Trading Symbols:
TSX: SEA
NYSE: SA
TORONTO, March 29, 2017 /PRNewswire/ - Seabridge Gold Inc.
(TSX:SEA)(NYSE:SA) (the "Company" or "Seabridge") announced today
that it has entered into an agreement with a syndicate of
underwriters co-led by Canaccord Genuity Corp. and Cantor
Fitzgerald Canada Corporation (the "Underwriters") whereby the
Underwriters have agreed to purchase, on a bought deal basis, one
million common shares of the Company (the "Common Shares"
comprising the "Common Share Offering"). Both Canaccord Genuity
Corp. and Cantor Fitzgerald Canada Corporation are acting as
joint-bookrunners for the Common Share Offering.

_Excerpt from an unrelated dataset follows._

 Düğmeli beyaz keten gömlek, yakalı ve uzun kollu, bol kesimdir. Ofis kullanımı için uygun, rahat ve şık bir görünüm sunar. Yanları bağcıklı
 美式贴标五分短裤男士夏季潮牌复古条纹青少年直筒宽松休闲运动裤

All monetary
references are in Canadian dollars.
The Underwriters have agreed to purchase, on a bought deal
basis, one million Common Shares at a price of $14.30 per Common Share for gross proceeds of
$14,300,000. In addition, the Company
will grant the Underwriters an option to purchase from the Company
up to an additional 100,000 Common Shares at the same price as is
applicable to the Common Share Offering. The option is exercisable
at any time for a period of 30 days after and including the closing
date of the Common Share Offering.
The Company intends to use the net proceeds from the Common
Share Offering to continue to advance the Company's KSM and Iskut
Projects and for general corporate purposes.

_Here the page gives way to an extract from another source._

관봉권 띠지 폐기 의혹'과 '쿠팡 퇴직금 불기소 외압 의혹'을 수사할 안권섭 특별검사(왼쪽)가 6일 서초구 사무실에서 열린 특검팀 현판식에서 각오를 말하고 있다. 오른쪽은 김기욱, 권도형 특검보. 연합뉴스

The Company also announced today that the underwriters have
agreed to purchase, on a bought deal private placement basis, one
million flow-through common shares of the Company (the
"Flow-Through Shares" comprising the "Flow-Through Share Offering")

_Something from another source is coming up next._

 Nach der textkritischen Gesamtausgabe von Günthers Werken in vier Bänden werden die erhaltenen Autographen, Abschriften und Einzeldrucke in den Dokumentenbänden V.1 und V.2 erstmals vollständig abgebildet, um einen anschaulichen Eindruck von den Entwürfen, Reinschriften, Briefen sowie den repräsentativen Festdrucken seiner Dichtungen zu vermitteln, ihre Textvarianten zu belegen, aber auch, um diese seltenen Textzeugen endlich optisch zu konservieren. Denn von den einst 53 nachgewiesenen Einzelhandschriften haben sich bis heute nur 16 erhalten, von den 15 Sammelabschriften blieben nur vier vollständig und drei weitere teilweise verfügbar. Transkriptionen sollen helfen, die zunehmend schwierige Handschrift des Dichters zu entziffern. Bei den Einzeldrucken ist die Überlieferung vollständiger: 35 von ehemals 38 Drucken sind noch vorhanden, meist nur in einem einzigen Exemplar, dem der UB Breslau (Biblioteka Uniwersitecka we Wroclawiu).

at a price of $20.00 per Flow-Through
Share for gross proceeds of $20,000,000. In addition, the Company will grant
the Underwriters an option to purchase from the Company up to an
additional 100,000 Flow-Through Shares at the same price as is
applicable to the Flow-Through Share Offering. The option is
exercisable up to one week prior to the closing date of the
Flow-Through Share Offering.
The gross proceeds from the Flow-Through Share Offering will be
used to fund the 2017 exploration program at the Company's KSM and
Iskut projects in Northwestern British Columbia, Canada.
The Common Share Offering as well as the Flow-Through Share
Offering are expected to close on or about April 27, 2017. Both the Common Share Offering
and Flow-Through Share Offering are subject to customary closing
conditions including, but not limited to, the listing of the Common
Shares and Flow-Through Shares on the TSX and the New York Stock
Exchange ("NYSE") and the receipt of all necessary approvals,
including the approval of the TSX and the NYSE.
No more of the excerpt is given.